[Start of Attachment]
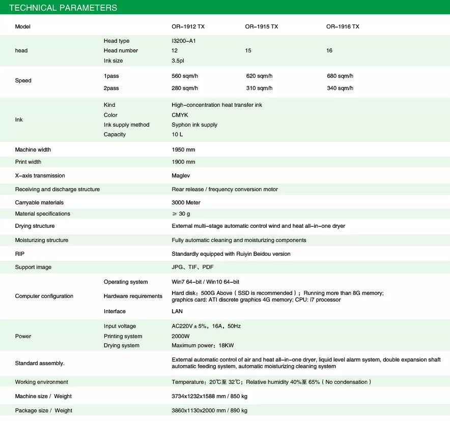 1912/1915/1916 TX 1.9m Industrial High Speed Digital Sublimation Printer EpsonI3200-A1x12/15/16
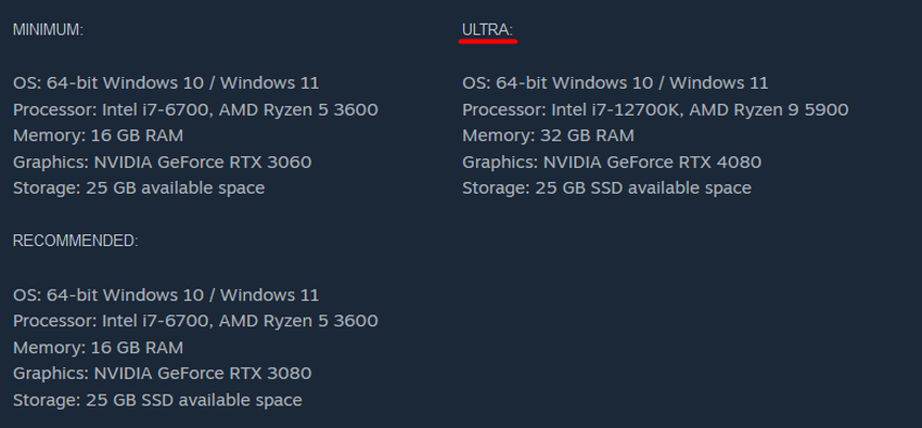 Wir sind daran gewöhnt, dass Steam zwei Kategorien von Systemanforderungen auf der Seite jedes Spiels hat: Minimum und empfohlen. Das ist einfach, aber informativ, aber zum ersten Mal ist eine dritte Kategorie, Ultra, erschienen.
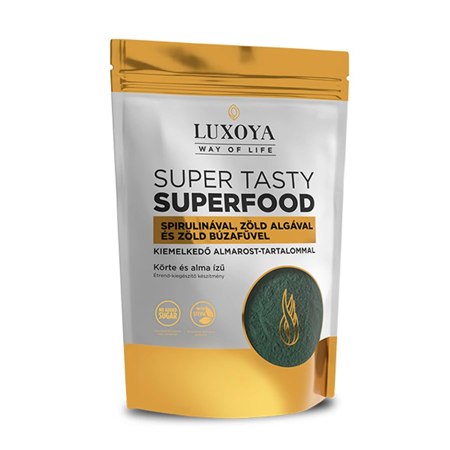 SUPER TASTY SUPERFOOD - KÖRTE-ALMA ÍZESÍTÉSŰ SPIRULINÁT, ZÖLD ALGÁT ÉS ZÖLD BÚZAFÜVET TARTALMAZÓ ÉTREND-KIEGÉSZÍTŐ ITALPOR 300 g
[End of Attachment]
### WHAT IS EXPECTED
Please transcribe the listing above verbatim and exclude every picture.

### TASK ANSWER
 1912/1915/1916 TX 1.9m Industrial High Speed Digital Sublimation Printer EpsonI3200-A1x12/15/16
 Wir sind daran gewöhnt, dass Steam zwei Kategorien von Systemanforderungen auf der Seite jedes Spiels hat: Minimum und empfohlen. Das ist einfach, aber informativ, aber zum ersten Mal ist eine dritte Kategorie, Ultra, erschienen.
 SUPER TASTY SUPERFOOD - KÖRTE-ALMA ÍZESÍTÉSŰ SPIRULINÁT, ZÖLD ALGÁT ÉS ZÖLD BÚZAFÜVET TARTALMAZÓ ÉTREND-KIEGÉSZÍTŐ ITALPOR 300 g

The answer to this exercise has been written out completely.